■ ASSIGNMENT
Your output must reproduce all the records below precisely and contain no pictures.

Segment Start: SUPPLIED RECORDS

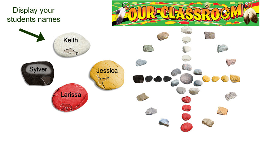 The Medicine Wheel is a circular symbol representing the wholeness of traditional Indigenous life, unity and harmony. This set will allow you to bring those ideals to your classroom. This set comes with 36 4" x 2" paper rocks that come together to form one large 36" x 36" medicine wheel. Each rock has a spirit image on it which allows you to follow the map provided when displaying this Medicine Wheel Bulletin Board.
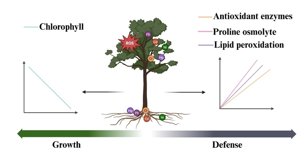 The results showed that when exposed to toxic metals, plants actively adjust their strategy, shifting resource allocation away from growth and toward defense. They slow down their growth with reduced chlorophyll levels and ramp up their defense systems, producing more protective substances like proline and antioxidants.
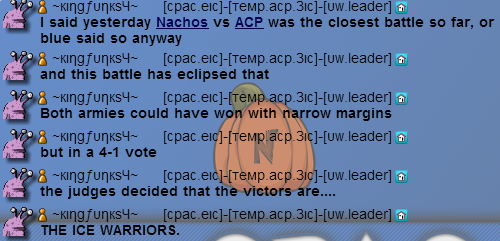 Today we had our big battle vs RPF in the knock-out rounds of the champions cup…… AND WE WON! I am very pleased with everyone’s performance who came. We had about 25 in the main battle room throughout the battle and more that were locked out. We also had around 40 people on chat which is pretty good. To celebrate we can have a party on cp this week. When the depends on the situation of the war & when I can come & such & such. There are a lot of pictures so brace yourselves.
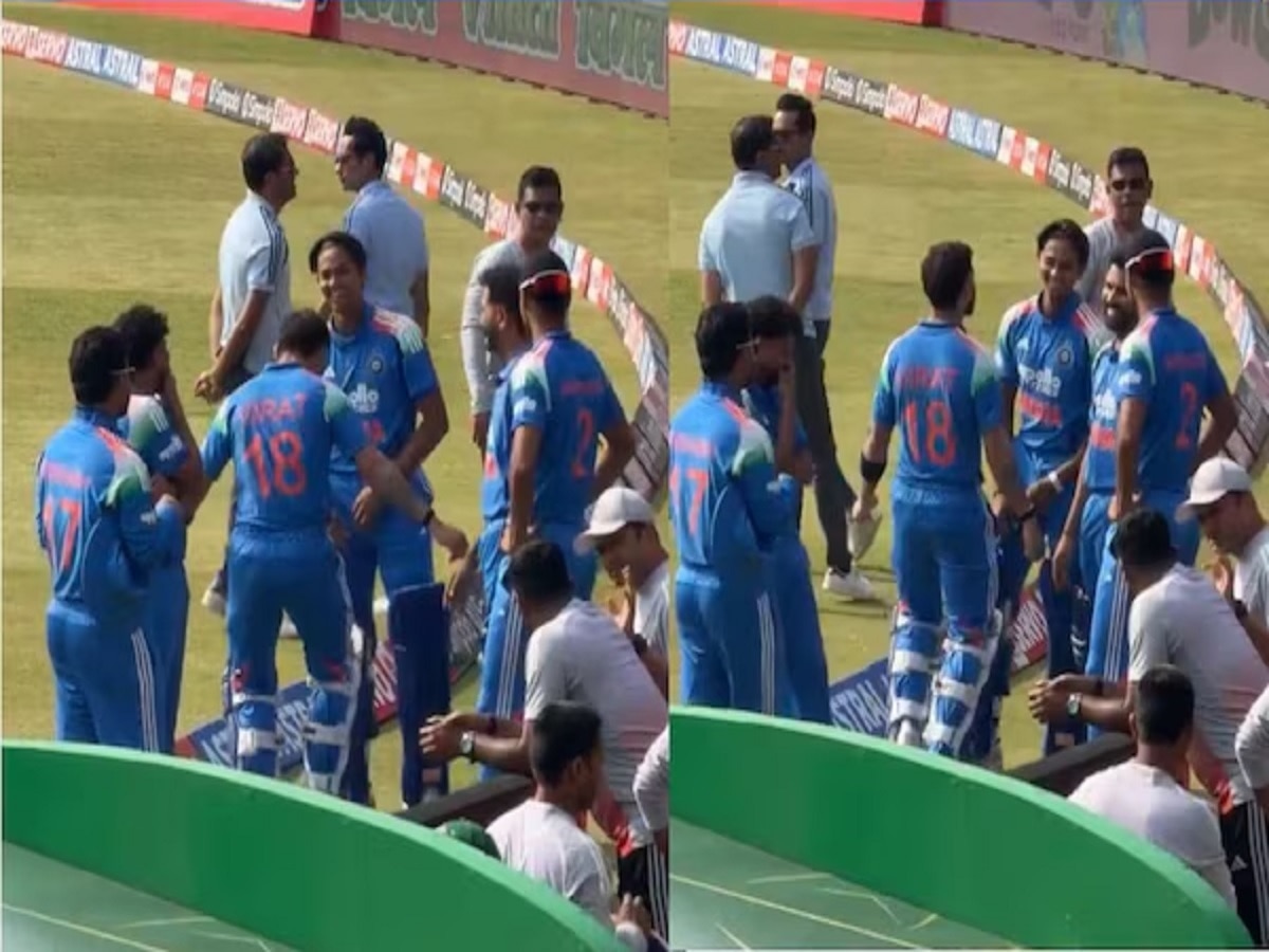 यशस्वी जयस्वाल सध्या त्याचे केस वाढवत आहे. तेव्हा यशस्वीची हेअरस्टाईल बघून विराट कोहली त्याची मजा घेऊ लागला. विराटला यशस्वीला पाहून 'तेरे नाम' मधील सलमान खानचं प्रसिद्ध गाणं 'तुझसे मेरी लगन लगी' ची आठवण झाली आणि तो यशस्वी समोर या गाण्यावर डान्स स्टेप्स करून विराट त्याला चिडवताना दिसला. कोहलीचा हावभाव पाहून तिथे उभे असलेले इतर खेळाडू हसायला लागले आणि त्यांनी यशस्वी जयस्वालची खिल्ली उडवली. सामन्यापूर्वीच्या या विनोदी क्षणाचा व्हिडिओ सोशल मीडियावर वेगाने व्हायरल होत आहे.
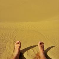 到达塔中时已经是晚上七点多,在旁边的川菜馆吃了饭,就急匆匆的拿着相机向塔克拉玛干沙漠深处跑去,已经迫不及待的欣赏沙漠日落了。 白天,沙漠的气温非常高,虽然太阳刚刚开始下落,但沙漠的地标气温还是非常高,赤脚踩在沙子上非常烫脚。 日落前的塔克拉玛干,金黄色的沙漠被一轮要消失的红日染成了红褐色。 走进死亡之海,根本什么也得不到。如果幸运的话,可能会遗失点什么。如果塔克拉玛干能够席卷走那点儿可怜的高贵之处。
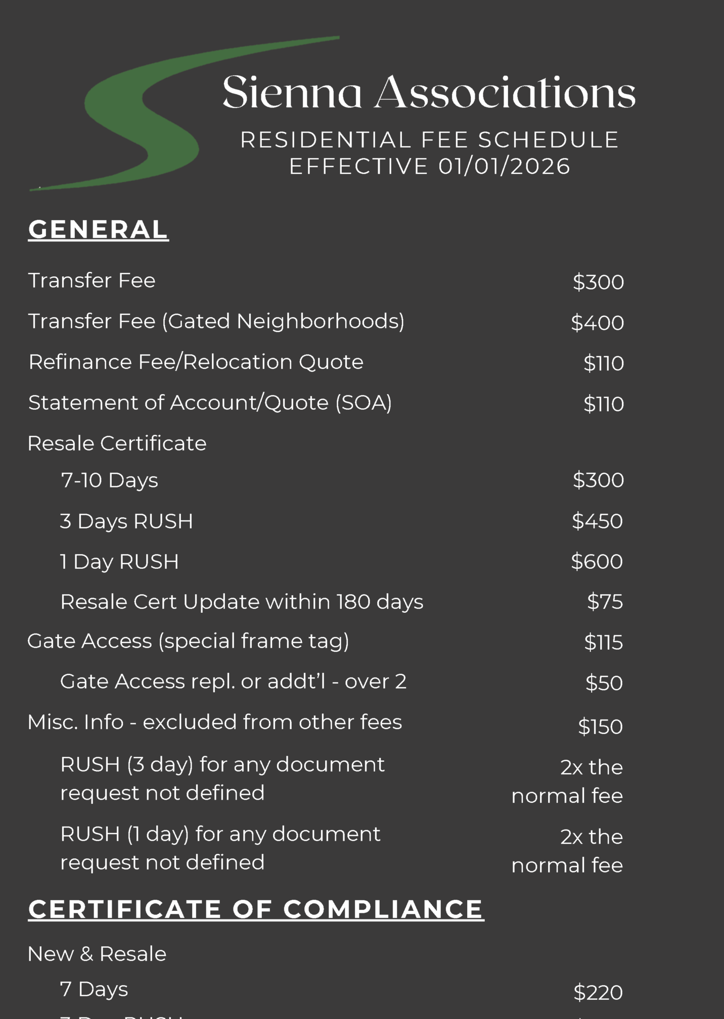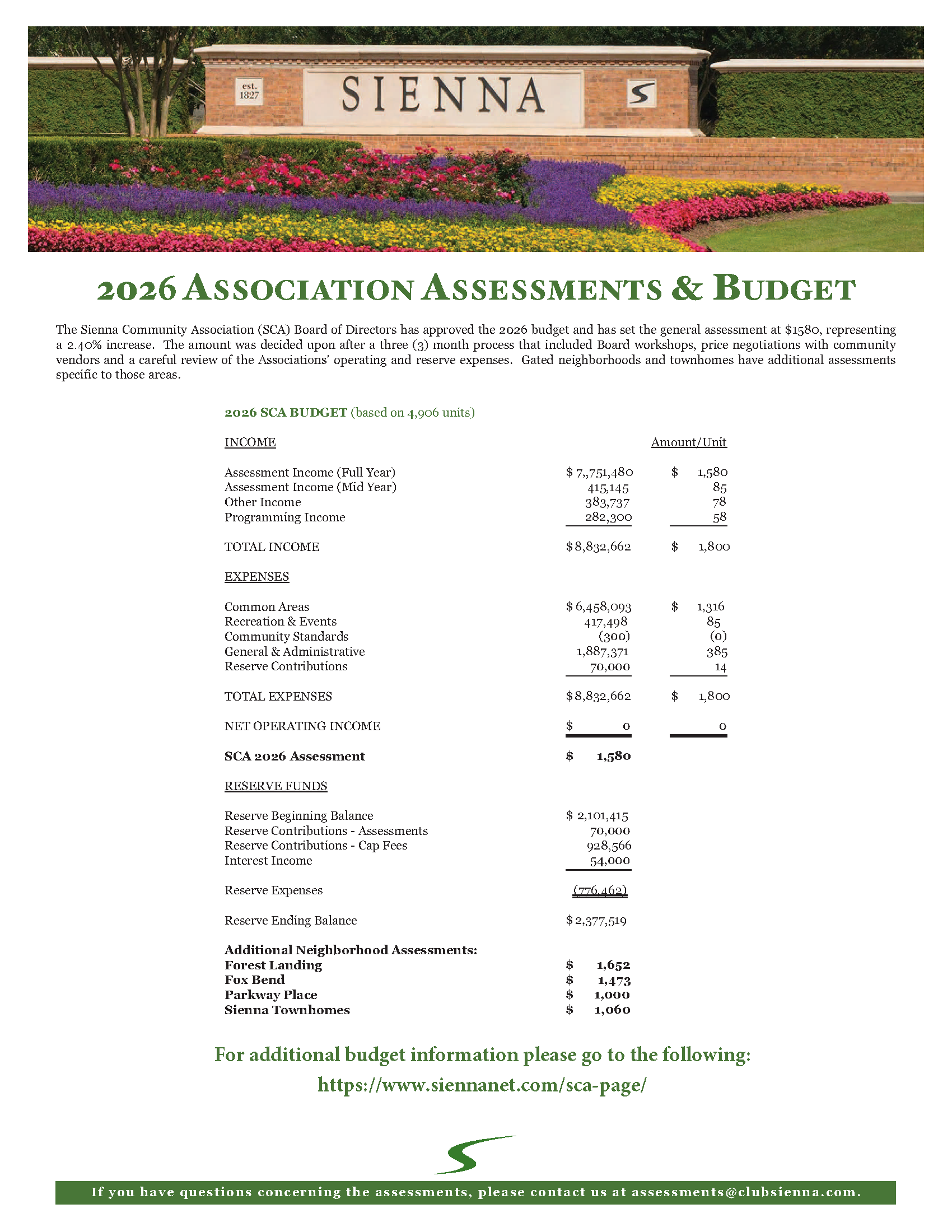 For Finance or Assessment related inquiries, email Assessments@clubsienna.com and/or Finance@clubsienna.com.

Segment End: SUPPLIED RECORDS

■ EXPECTED ANSWER
 The Medicine Wheel is a circular symbol representing the wholeness of traditional Indigenous life, unity and harmony. This set will allow you to bring those ideals to your classroom. This set comes with 36 4" x 2" paper rocks that come together to form one large 36" x 36" medicine wheel. Each rock has a spirit image on it which allows you to follow the map provided when displaying this Medicine Wheel Bulletin Board.
 The results showed that when exposed to toxic metals, plants actively adjust their strategy, shifting resource allocation away from growth and toward defense. They slow down their growth with reduced chlorophyll levels and ramp up their defense systems, producing more protective substances like proline and antioxidants.
 Today we had our big battle vs RPF in the knock-out rounds of the champions cup…… AND WE WON! I am very pleased with everyone’s performance who came. We had about 25 in the main battle room throughout the battle and more that were locked out. We also had around 40 people on chat which is pretty good. To celebrate we can have a party on cp this week. When the depends on the situation of the war & when I can come & such & such. There are a lot of pictures so brace yourselves.
 यशस्वी जयस्वाल सध्या त्याचे केस वाढवत आहे. तेव्हा यशस्वीची हेअरस्टाईल बघून विराट कोहली त्याची मजा घेऊ लागला. विराटला यशस्वीला पाहून 'तेरे नाम' मधील सलमान खानचं प्रसिद्ध गाणं 'तुझसे मेरी लगन लगी' ची आठवण झाली आणि तो यशस्वी समोर या गाण्यावर डान्स स्टेप्स करून विराट त्याला चिडवताना दिसला. कोहलीचा हावभाव पाहून तिथे उभे असलेले इतर खेळाडू हसायला लागले आणि त्यांनी यशस्वी जयस्वालची खिल्ली उडवली. सामन्यापूर्वीच्या या विनोदी क्षणाचा व्हिडिओ सोशल मीडियावर वेगाने व्हायरल होत आहे.
 到达塔中时已经是晚上七点多,在旁边的川菜馆吃了饭,就急匆匆的拿着相机向塔克拉玛干沙漠深处跑去,已经迫不及待的欣赏沙漠日落了。 白天,沙漠的气温非常高,虽然太阳刚刚开始下落,但沙漠的地标气温还是非常高,赤脚踩在沙子上非常烫脚。 日落前的塔克拉玛干,金黄色的沙漠被一轮要消失的红日染成了红褐色。 走进死亡之海,根本什么也得不到。如果幸运的话,可能会遗失点什么。如果塔克拉玛干能够席卷走那点儿可怜的高贵之处。
 For Finance or Assessment related inquiries, email Assessments@clubsienna.com and/or Finance@clubsienna.com.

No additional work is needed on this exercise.